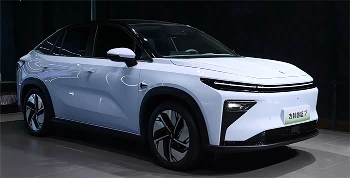 吉利睿蓝7使用了最新的家族化设计风格,总体外观表现符合当下电动车流行的设计风格,同时新车有轿跑式SUV车体轮廓,这得以让车身线条更显流畅了,官方数据表明该车拥有0.238Cd的风阻,这一数值对于一台SUV来说其实已经很低了。
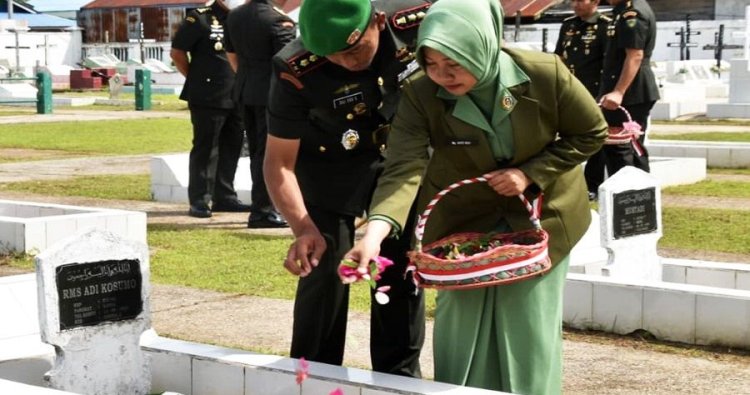 Merauke - Dalam suasana khidmat dan penuh rasa hormat, Komandan Kodim 1707/Merauke Letkol Czi Dili Eko Setyawan, S.Ak., M.Han bersama Ketua Persit KCK Cabang XVI Kodim 1707/Merauke Ny. Asti Dili Eko Setyawan mengikuti Upacara Ziarah Rombongan dalam rangka peringatan Hari Ulang Tahun ke-21 Korem 174/ATW, Senin (24/11/2025). Upacara digelar di Taman Makam Pahlawan Trikora, Jln. TMP Trikora, Kota Merauke, Kab. Merauke - Provinsi Papua Selatan.
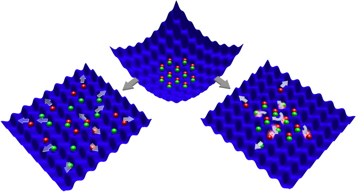 Abb.1: Eine eingeschlossene dichte Wolke aus fermionischen Atomen in einem optischen Gitter (oben) wird plötzlich freigelassen; (links) zeigt die anschließende Bewegung im Gitter für Atome ohne Wechselwirkung, (rechts) für Atome mit Wechselwirkung. Quelle: Grafik: MPQ (idw)
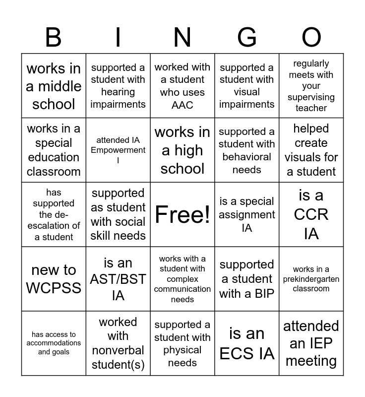 This bingo card has a free space and 27 words: supported a student with a BIP, works in an elementary school, supported a student with behavioral needs, supported a student with physical needs, works in a special education classroom, worked with a student who uses AAC, supported a student with hearing impairments, new to WCPSS, is a special assignment IA, works in a prekindergarten classroom, has supported the de-escalation of a student, supported a student with visual impairments, has access to accommodations and goals, worked with nonverbal student(s), helped create visuals for a student, supported a student with academic needs, attended IA Empowerment I, works in a high school, is an AST/BST IA, works in a middle school, is a CCR IA, is an ECS IA, supported as student with social skill needs, attended an IEP meeting, works with a student with complex communication needs, regularly meets with your supervising teacher and supported a student with social and emotional needs.
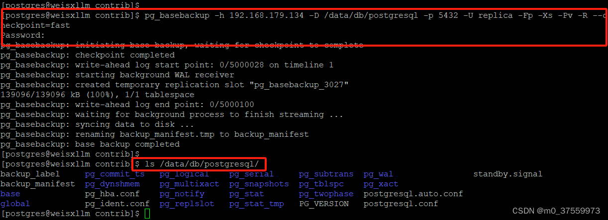 pg_basebackup -h 192.168.179.134 -D /data/db/postgresql -p 5432 -U replica -Fp -Xs -Pv -R --checkpoint=fast
------------------------------------
# Aim of the task
The answer should be an exact restatement of every entry, with the pictures omitted.

# Result
 吉利睿蓝7使用了最新的家族化设计风格,总体外观表现符合当下电动车流行的设计风格,同时新车有轿跑式SUV车体轮廓,这得以让车身线条更显流畅了,官方数据表明该车拥有0.238Cd的风阻,这一数值对于一台SUV来说其实已经很低了。
 Merauke - Dalam suasana khidmat dan penuh rasa hormat, Komandan Kodim 1707/Merauke Letkol Czi Dili Eko Setyawan, S.Ak., M.Han bersama Ketua Persit KCK Cabang XVI Kodim 1707/Merauke Ny. Asti Dili Eko Setyawan mengikuti Upacara Ziarah Rombongan dalam rangka peringatan Hari Ulang Tahun ke-21 Korem 174/ATW, Senin (24/11/2025). Upacara digelar di Taman Makam Pahlawan Trikora, Jln. TMP Trikora, Kota Merauke, Kab. Merauke - Provinsi Papua Selatan.
 Abb.1: Eine eingeschlossene dichte Wolke aus fermionischen Atomen in einem optischen Gitter (oben) wird plötzlich freigelassen; (links) zeigt die anschließende Bewegung im Gitter für Atome ohne Wechselwirkung, (rechts) für Atome mit Wechselwirkung. Quelle: Grafik: MPQ (idw)
 This bingo card has a free space and 27 words: supported a student with a BIP, works in an elementary school, supported a student with behavioral needs, supported a student with physical needs, works in a special education classroom, worked with a student who uses AAC, supported a student with hearing impairments, new to WCPSS, is a special assignment IA, works in a prekindergarten classroom, has supported the de-escalation of a student, supported a student with visual impairments, has access to accommodations and goals, worked with nonverbal student(s), helped create visuals for a student, supported a student with academic needs, attended IA Empowerment I, works in a high school, is an AST/BST IA, works in a middle school, is a CCR IA, is an ECS IA, supported as student with social skill needs, attended an IEP meeting, works with a student with complex communication needs, regularly meets with your supervising teacher and supported a student with social and emotional needs.
 pg_basebackup -h 192.168.179.134 -D /data/db/postgresql -p 5432 -U replica -Fp -Xs -Pv -R --checkpoint=fast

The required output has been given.